This entry is part 39 of 131 in the series Ketogenic Diet

There is a pretty interesting thread on Reddit about the glycemic load of the official Rosa Labs Soylent 1.5 and how it has twice the  glycemic load as Coca Cola. It got me thinking: I wonder what the glycemic index of Keto Chow would be. I already know that it has virtually no detectable impact on blood sugar levels (at least in my own n=1 test). How would I test?

This is from http://ajcn.nutrition.org/content/87/1/247S.full

The glycemic index (GI) is a measure of the blood glucose-raising ability of the available carbohydrate in foods defined as the incremental area under the glycemic response curve (AUC) elicited by a portion of food containing 50 g available carbohydrate expressed as a percentage of the AUC elicited by 50 g glucose in the same subject.

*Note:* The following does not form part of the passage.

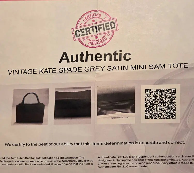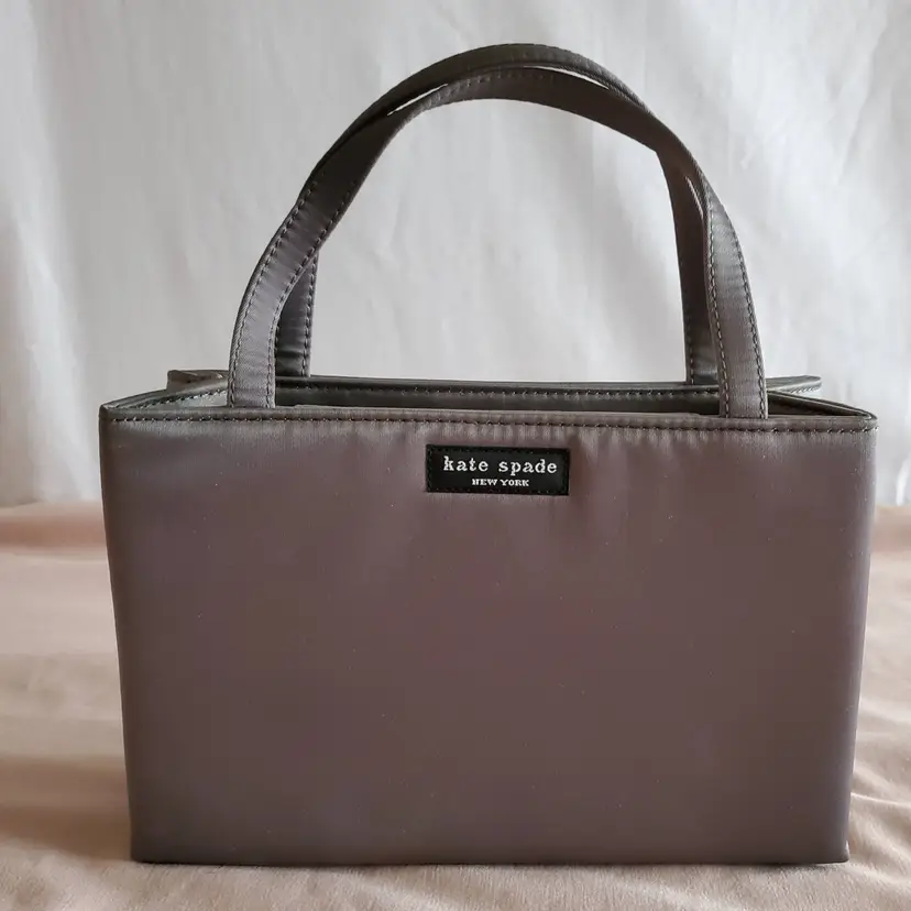 Authentic Vintage Grey Kate Spade Satin Mini Sam Tote. Very good condition, see photos. Includes COA

OK, so in summary: you give 50g of pure glucose to a study participant and check their blood sugar at intervaals for 2 hours. Then you wait a long time (you have to be fasting for quite a while before hand) and do it again but with 50g of “available” (NET) carbohydrates. I don’t think I could test using the generally accepted testing procedure since Keto Chow only has (depending on the flavor) 12g of non-fiber carbohydrates per day. So you would need to consume 4 days worth of keto chow (again, I’m not talking about 4 meals, I’m talking about 12 meals!) to get the 50g necessary. That’s nuts.

The Rich Chocolate flavor of Keto Chow has one of the higher net carbs with 6.0g of net carbs per meal. or roughly the same as 1.5 teaspoons of D-glucose (aka: “Dextrose” which is the same as glucose). So I suppose I could test 1 meal of Rich Chocolate and compare it to 6g of D-Glucose. But again, it’ll be a n=1 test and not of much value other than “gee whiz!”. I’ll still probably do it but not for a while.